- Data shown -
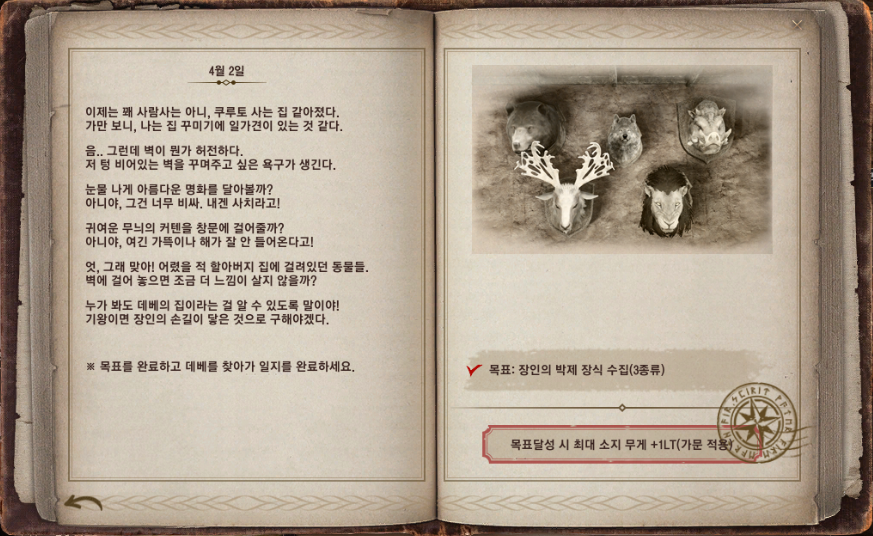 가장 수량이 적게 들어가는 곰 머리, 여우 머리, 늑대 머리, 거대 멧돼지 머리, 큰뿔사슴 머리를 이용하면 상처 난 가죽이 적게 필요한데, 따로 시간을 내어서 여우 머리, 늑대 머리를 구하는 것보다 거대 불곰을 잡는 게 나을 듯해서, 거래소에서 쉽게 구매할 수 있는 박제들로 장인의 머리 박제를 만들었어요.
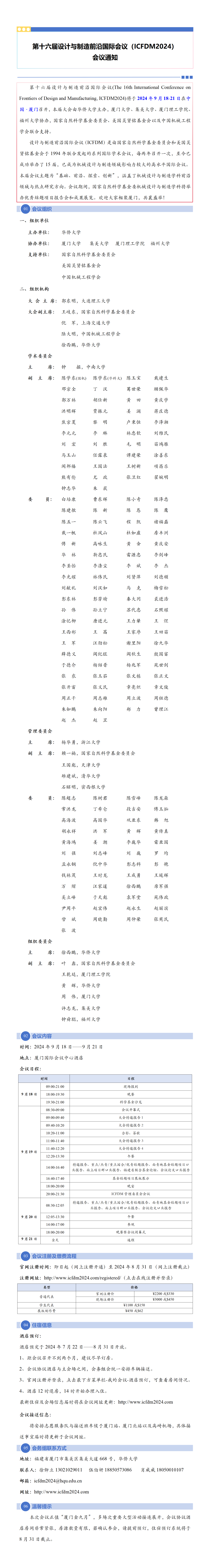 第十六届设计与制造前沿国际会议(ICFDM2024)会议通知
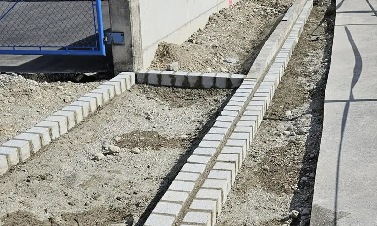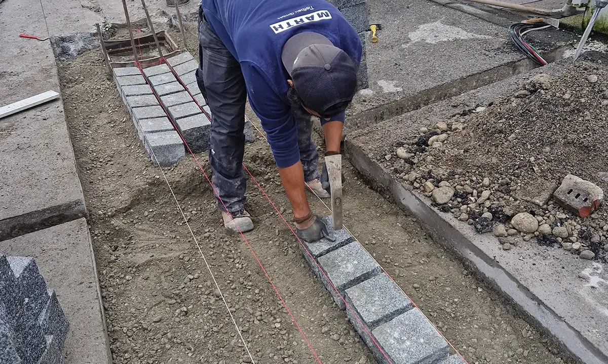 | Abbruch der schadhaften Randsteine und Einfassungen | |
---
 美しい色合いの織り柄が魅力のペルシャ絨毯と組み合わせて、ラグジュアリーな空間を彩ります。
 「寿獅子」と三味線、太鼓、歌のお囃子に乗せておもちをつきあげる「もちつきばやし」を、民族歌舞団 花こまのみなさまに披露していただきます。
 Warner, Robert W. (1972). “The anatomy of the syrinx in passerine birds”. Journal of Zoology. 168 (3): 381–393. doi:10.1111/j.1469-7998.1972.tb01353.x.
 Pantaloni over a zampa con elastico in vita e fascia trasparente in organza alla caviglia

- Brief -
Where a picture appears in the records above, omit it, and transcribe exactly the stretch of lines from the one with "第十六届设计与制造前沿国际会议(ICFDM2024)会议通知" through the one with "Einfassungen | |".

- Written answer -
 第十六届设计与制造前沿国际会议(ICFDM2024)会议通知
 | Abbruch der schadhaften Randsteine und Einfassungen | |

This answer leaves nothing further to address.